The reasons to be concerned with the ethical aspects of training offered to students of business and management are both substantive and practical. The education has an essential role to play in nurturing ethical business leaders and the global financial crisis has re-ignited further interest in management as a profession. These developments raise the following questions for business and management educators: are our disciplinary paradigms unduly concerned with instilling skills and less about cultivating values? And what are the ways of cultivating these values in the context of management education? Do business schools have a role in promoting ethical values over and above the profit maximisation objective, and if so how can such role be defined? Finally, are business schools well positioned to lead on the requisite change – in other words, what is the role of a public educator and intellectual in the times of crisis?
 
The speaker, Dr Marianna Fotaki will first outline briefly the intersections of business education and financialization of the economy and will then discuss the way of developing axiological system of management and business education to impart into our students the resources necessary for catalyzing positive social change.

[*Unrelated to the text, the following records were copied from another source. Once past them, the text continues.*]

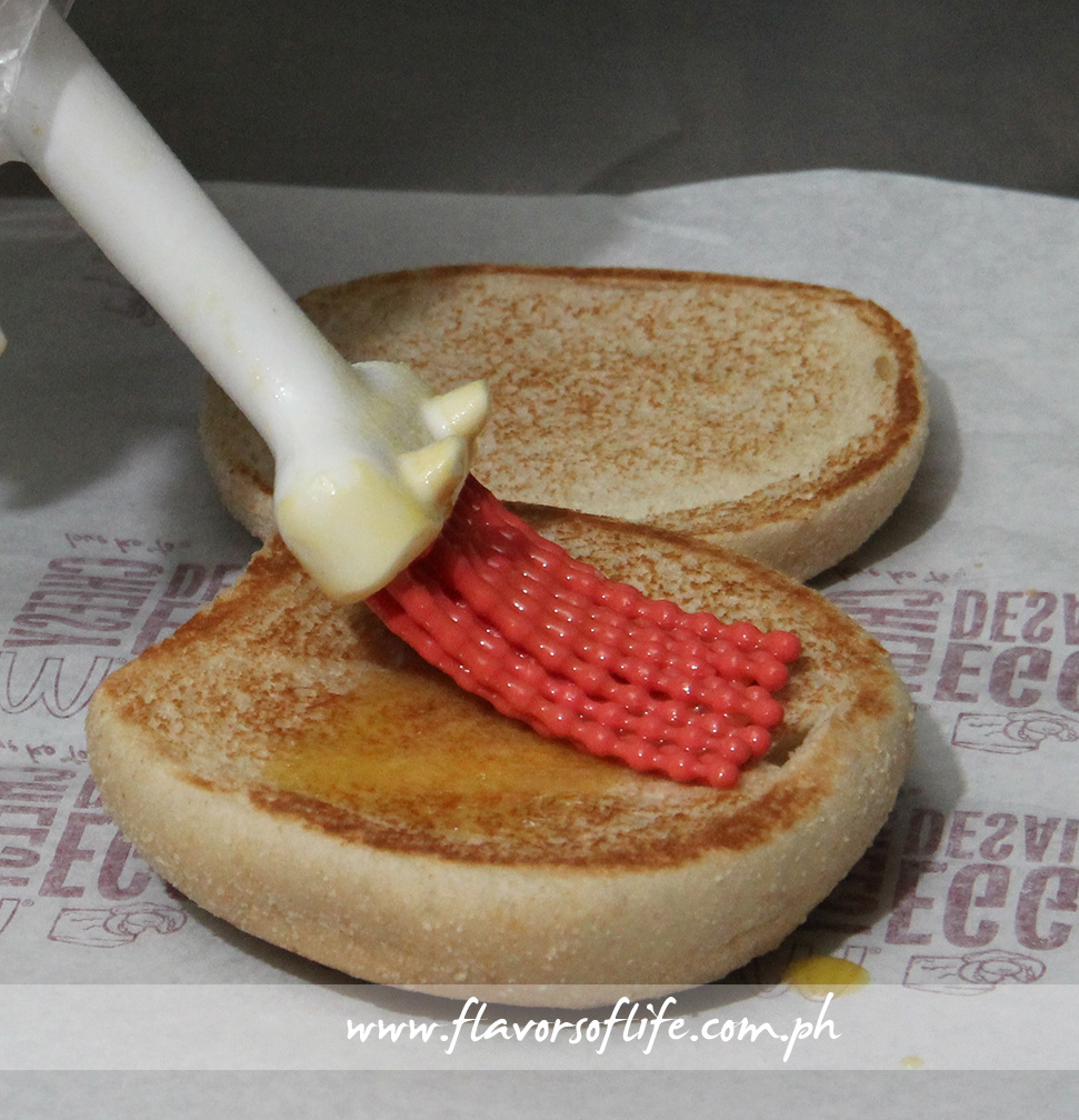 The English muffin buns used for the McMuffins are roasted and lightly brushed with butter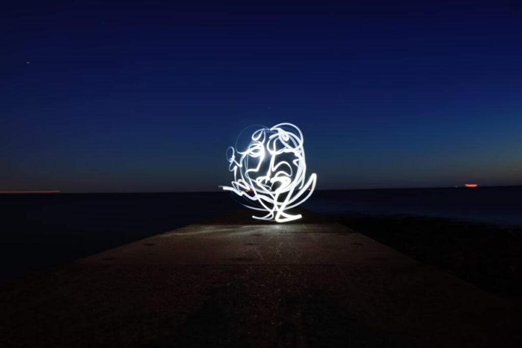 Das Schöne am Lightpainting ist die Freiheit zur Experimentation. Es gibt keine strengen Regeln, wie man mit Licht malen muss. Man kann Linien, Formen, Muster zeichnen oder sogar versuchen, Objekte oder Personen mit Licht zu beleuchten, um sie hervorzuheben. Die Kombination verschiedener Farben und Intensitäten von Lichtquellen kann komplexe und visuell beeindruckende Ergebnisse liefern. Es geht darum, die Bewegung der Lichtquelle während der Belichtung zu steuern und sich vorzustellen, wie diese Bewegung als Lichtspur im fertigen Bild aussehen wird.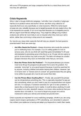 crisis keywords are equally, if not more important because you’re targeting people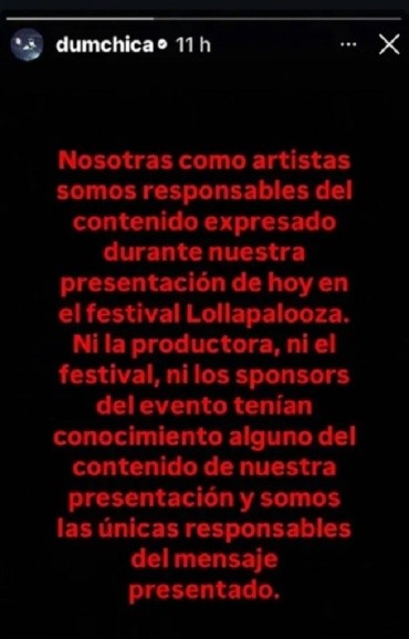 Al conocer la controversia virtual, desde la banda se emitió un comunicado en su cuenta de Instagram en el que aclaró que "ni la productora, ni el festival, ni los sponsors del evento tenían conocimiento alguno del contenido" y que la banda es "la única responsable del mensaje presentado". La declaración buscó desmarcar a los organizadores del festival de cualquier vínculo con la proyección, subrayando la independencia de la banda en la decisión de realizar dicha proyección.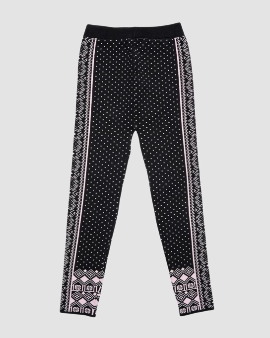 - شلوار لگ بافت دخترانه بغل طرح دار مشکی صورتی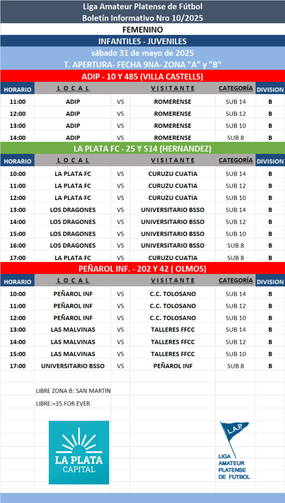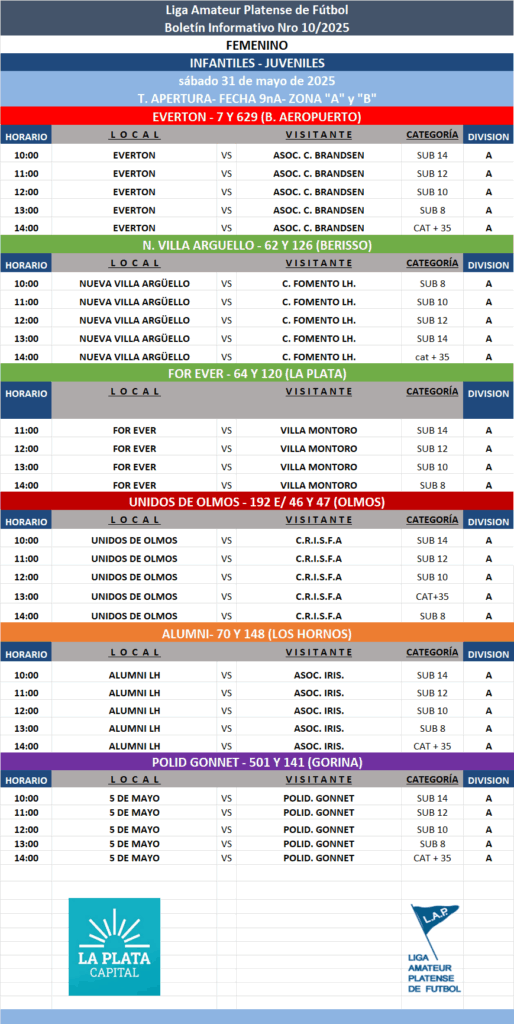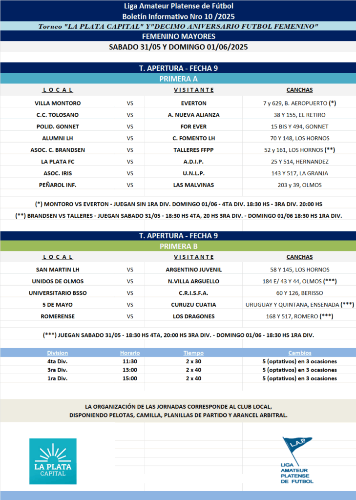 Les comunicamos el boletín informativo con la programación N°10 a disputarse el próximo fin de semana según el siguiente cronograma: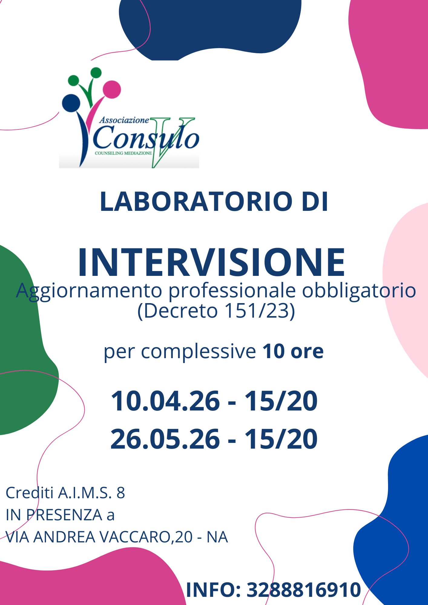 COD 3926 - Laboratorio di intervisione aggiornamento professionale obbligatorio (DM 151/23)

Dr Fotaki will then argue that a necessary step towards developing such approaches would entail a serious engagement with societal implications of what we teach and what we omit from our teaching concerning climate change, inequality, human rights and poverty.
 
Marianna Fotaki is a Reader (Associate Professor) in Manchester Business School, teaches business ethics in society and organizational behaviour and researches the role of the markets in public policy, the creation of the new user consumer of public goods and the ethics of diversity in organizations and society. Before joining academia Marianna worked for seven years as a senior advisor to governments in transition for the European Union in Russia, Georgia and Armenia and as a medical doctor for the humanitarian organizations Doctors without Borders and Doctors of the World in Turkey, Iraq and Albania.  

A Business and Management Research Seminar.